TASK ITEM:
Exact repetition of a range: find the line containing "Ingredientes: Proteína de" and the line containing "Dua Pelaku inisial" in the material below, then repeat both and all lines between them, leaving pictures out.

RECORDS FOR PROCESSING:
• • •

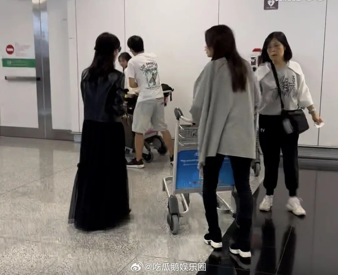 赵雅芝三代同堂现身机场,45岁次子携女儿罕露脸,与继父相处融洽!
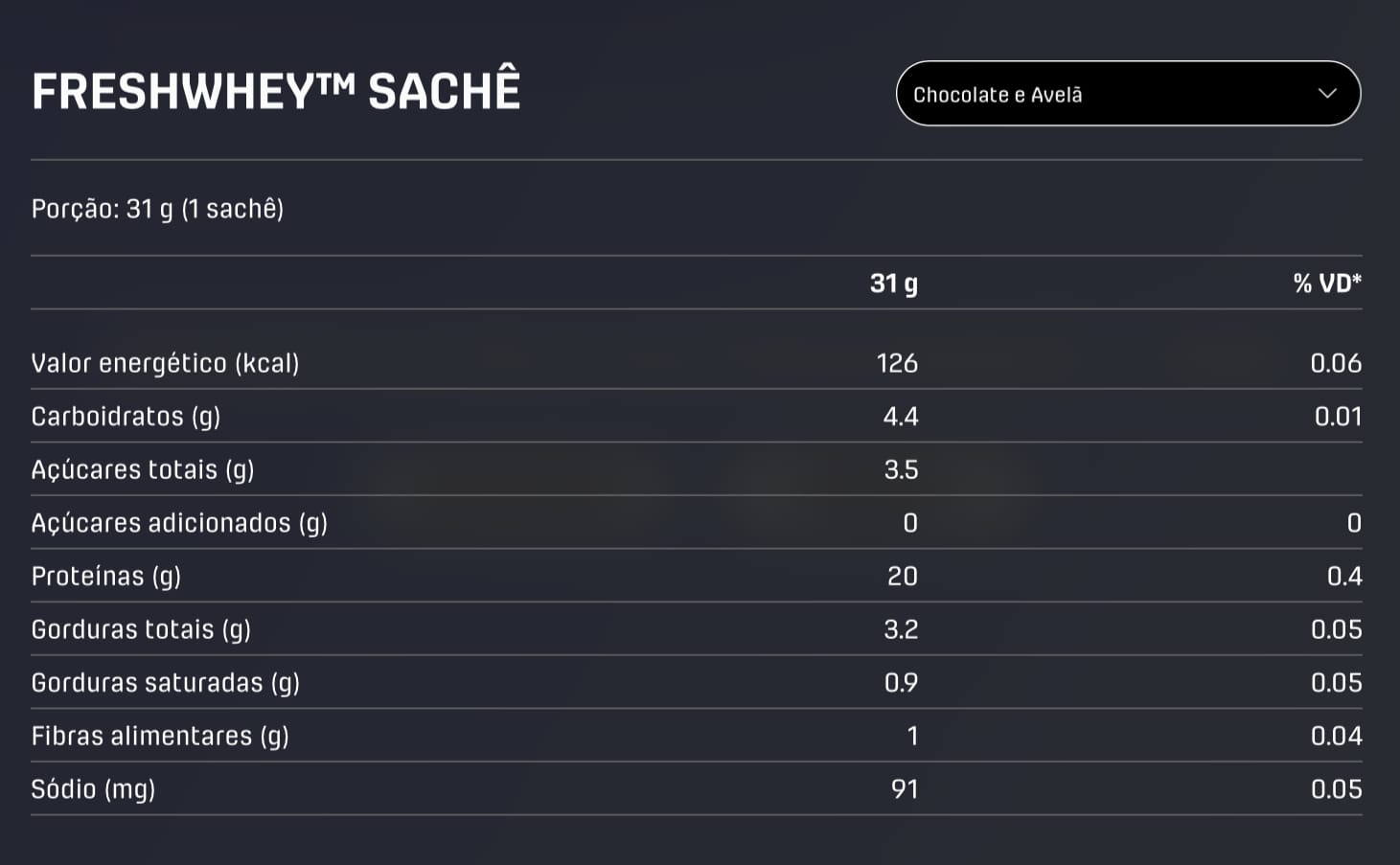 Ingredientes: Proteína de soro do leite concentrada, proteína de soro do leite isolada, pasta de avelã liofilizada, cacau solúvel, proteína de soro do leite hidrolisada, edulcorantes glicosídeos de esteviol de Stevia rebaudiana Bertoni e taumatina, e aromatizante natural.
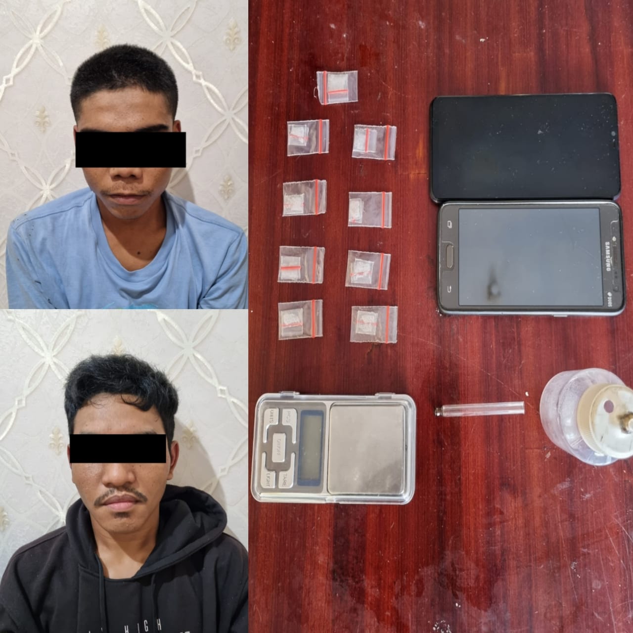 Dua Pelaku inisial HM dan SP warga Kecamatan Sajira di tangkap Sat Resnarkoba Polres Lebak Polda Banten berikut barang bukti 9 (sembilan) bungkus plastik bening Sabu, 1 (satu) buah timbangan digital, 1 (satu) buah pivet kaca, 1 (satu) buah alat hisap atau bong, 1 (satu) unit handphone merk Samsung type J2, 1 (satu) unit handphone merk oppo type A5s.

• • •

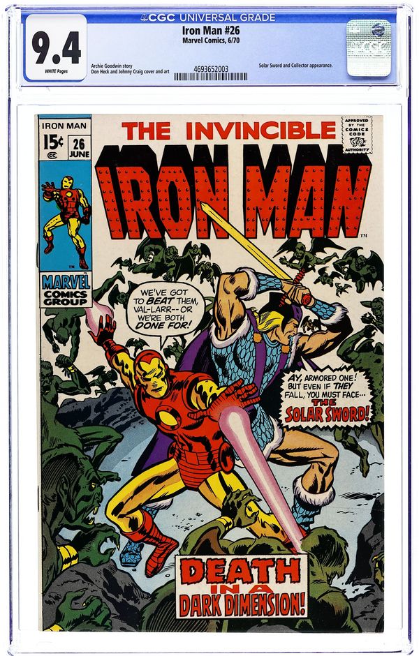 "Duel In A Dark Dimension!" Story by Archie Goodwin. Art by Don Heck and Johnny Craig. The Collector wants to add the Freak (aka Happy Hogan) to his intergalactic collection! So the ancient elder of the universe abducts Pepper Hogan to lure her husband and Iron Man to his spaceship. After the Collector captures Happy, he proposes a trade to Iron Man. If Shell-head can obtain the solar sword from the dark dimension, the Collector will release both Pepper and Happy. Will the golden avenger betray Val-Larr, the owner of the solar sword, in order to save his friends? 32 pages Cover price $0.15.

• • •

REPLY:
 Ingredientes: Proteína de soro do leite concentrada, proteína de soro do leite isolada, pasta de avelã liofilizada, cacau solúvel, proteína de soro do leite hidrolisada, edulcorantes glicosídeos de esteviol de Stevia rebaudiana Bertoni e taumatina, e aromatizante natural.
 Dua Pelaku inisial HM dan SP warga Kecamatan Sajira di tangkap Sat Resnarkoba Polres Lebak Polda Banten berikut barang bukti 9 (sembilan) bungkus plastik bening Sabu, 1 (satu) buah timbangan digital, 1 (satu) buah pivet kaca, 1 (satu) buah alat hisap atau bong, 1 (satu) unit handphone merk Samsung type J2, 1 (satu) unit handphone merk oppo type A5s.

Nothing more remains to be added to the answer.